● **What is being asked**: The listing below should be printed exactly, though its pictures must not be.
═══ Provided data
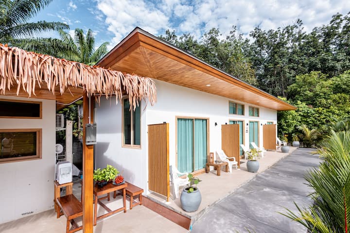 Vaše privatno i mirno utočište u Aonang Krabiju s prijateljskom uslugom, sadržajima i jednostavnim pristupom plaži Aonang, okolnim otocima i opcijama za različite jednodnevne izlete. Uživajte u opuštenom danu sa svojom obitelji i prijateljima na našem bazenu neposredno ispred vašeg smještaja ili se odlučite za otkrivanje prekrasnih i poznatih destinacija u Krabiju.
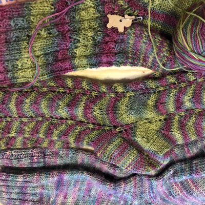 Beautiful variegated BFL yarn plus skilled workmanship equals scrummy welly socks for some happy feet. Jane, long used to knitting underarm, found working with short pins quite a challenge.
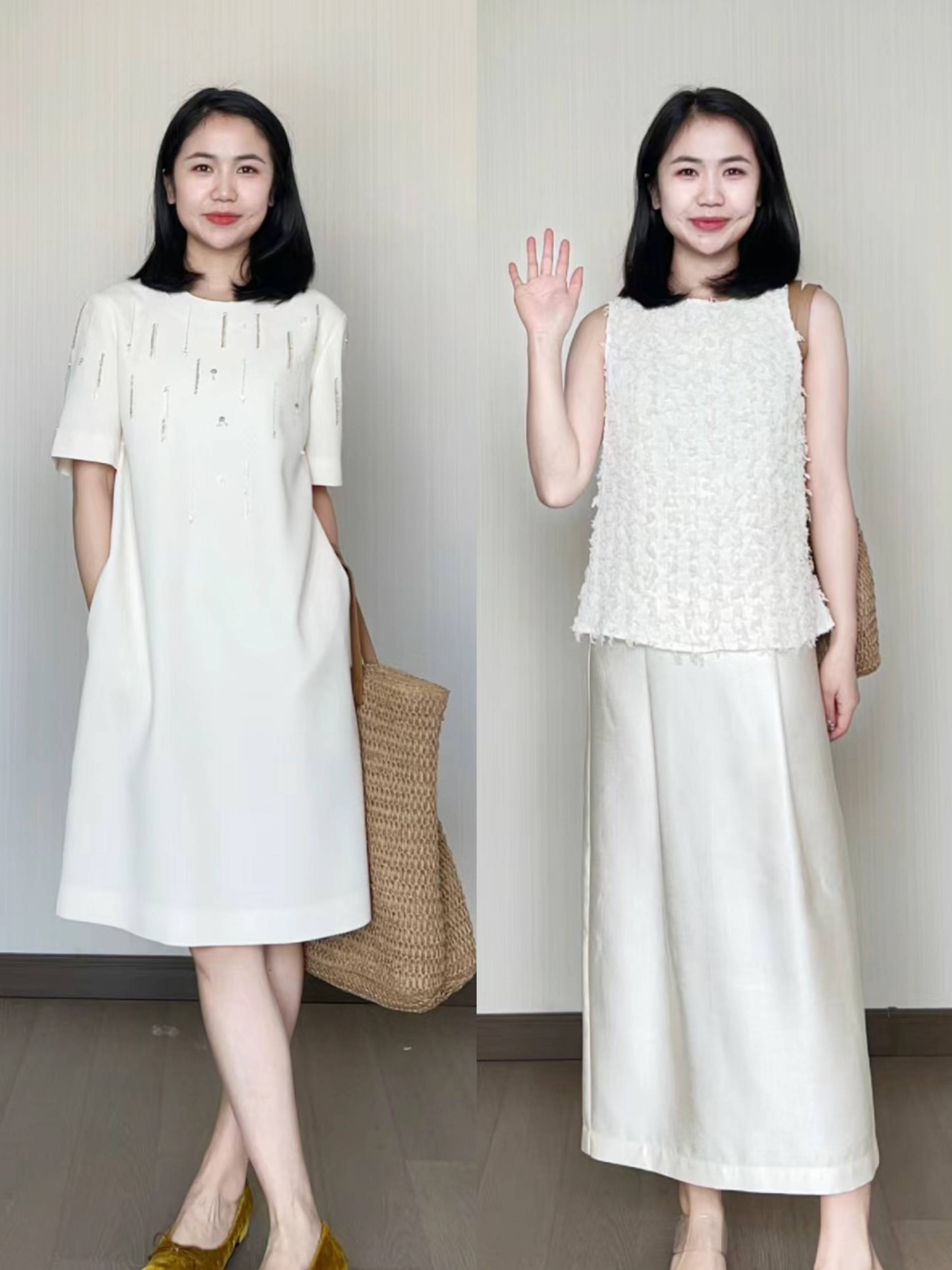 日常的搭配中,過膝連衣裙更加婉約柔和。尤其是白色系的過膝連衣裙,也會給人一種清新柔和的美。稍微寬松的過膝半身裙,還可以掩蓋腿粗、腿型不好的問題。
══════
● **Answer**:
 Vaše privatno i mirno utočište u Aonang Krabiju s prijateljskom uslugom, sadržajima i jednostavnim pristupom plaži Aonang, okolnim otocima i opcijama za različite jednodnevne izlete. Uživajte u opuštenom danu sa svojom obitelji i prijateljima na našem bazenu neposredno ispred vašeg smještaja ili se odlučite za otkrivanje prekrasnih i poznatih destinacija u Krabiju.
 Beautiful variegated BFL yarn plus skilled workmanship equals scrummy welly socks for some happy feet. Jane, long used to knitting underarm, found working with short pins quite a challenge.
 日常的搭配中,過膝連衣裙更加婉約柔和。尤其是白色系的過膝連衣裙,也會給人一種清新柔和的美。稍微寬松的過膝半身裙,還可以掩蓋腿粗、腿型不好的問題。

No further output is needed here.